§ **Dataset records**
= = =
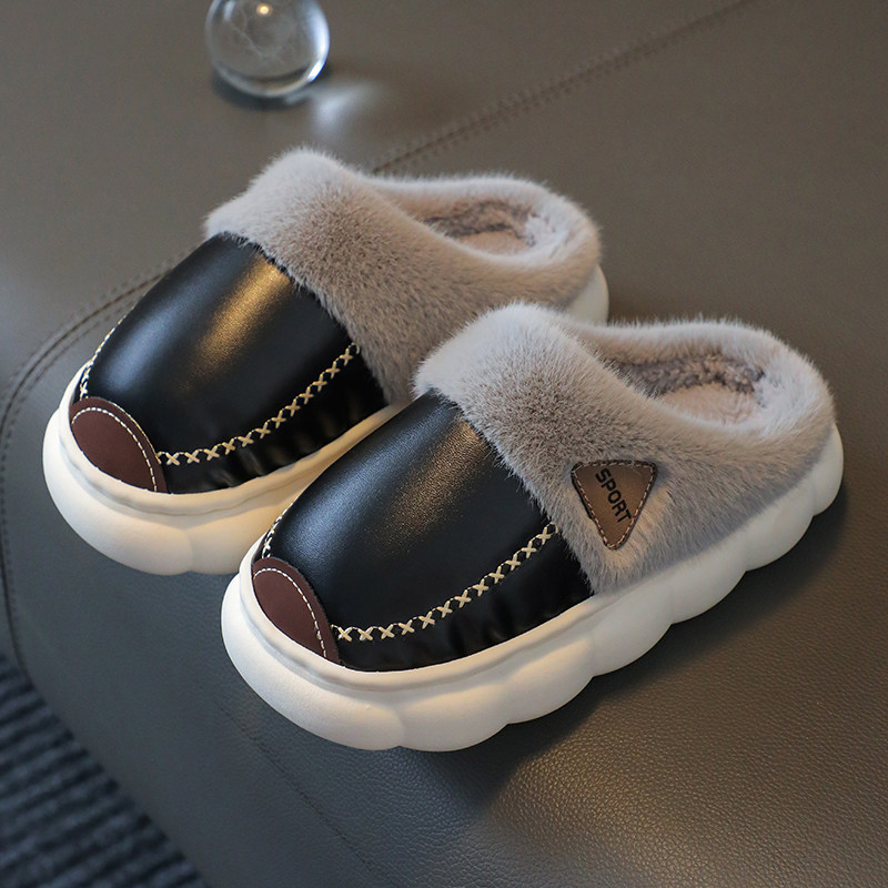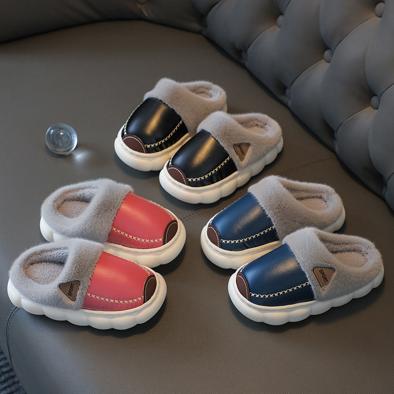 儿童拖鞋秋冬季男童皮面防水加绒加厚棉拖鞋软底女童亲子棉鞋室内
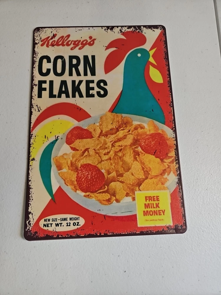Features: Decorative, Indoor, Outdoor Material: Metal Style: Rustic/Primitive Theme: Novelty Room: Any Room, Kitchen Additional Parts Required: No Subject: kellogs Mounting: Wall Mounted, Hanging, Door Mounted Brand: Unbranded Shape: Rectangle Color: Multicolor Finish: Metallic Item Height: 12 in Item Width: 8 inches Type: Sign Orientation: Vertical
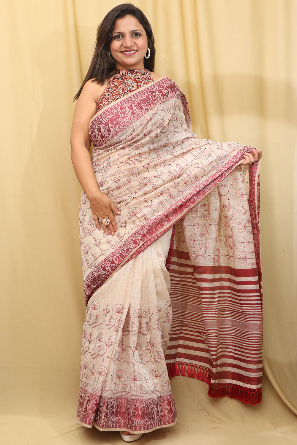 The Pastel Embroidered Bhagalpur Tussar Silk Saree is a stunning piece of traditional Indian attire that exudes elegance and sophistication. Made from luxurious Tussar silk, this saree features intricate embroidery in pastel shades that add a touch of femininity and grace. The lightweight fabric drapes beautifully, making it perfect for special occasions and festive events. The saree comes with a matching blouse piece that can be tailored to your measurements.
= = =
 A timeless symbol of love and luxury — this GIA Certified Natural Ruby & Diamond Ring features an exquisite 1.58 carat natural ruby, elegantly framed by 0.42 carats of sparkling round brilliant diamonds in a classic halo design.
= = =
Return exactly the lines above, from the one with "儿童拖鞋秋冬季男童皮面防水加绒加厚棉拖鞋软底女童亲子棉鞋室内" up to and including the one with "The Pastel Embroidered", and include no pictures.

 儿童拖鞋秋冬季男童皮面防水加绒加厚棉拖鞋软底女童亲子棉鞋室内
Features: Decorative, Indoor, Outdoor Material: Metal Style: Rustic/Primitive Theme: Novelty Room: Any Room, Kitchen Additional Parts Required: No Subject: kellogs Mounting: Wall Mounted, Hanging, Door Mounted Brand: Unbranded Shape: Rectangle Color: Multicolor Finish: Metallic Item Height: 12 in Item Width: 8 inches Type: Sign Orientation: Vertical
 The Pastel Embroidered Bhagalpur Tussar Silk Saree is a stunning piece of traditional Indian attire that exudes elegance and sophistication. Made from luxurious Tussar silk, this saree features intricate embroidery in pastel shades that add a touch of femininity and grace. The lightweight fabric drapes beautifully, making it perfect for special occasions and festive events. The saree comes with a matching blouse piece that can be tailored to your measurements.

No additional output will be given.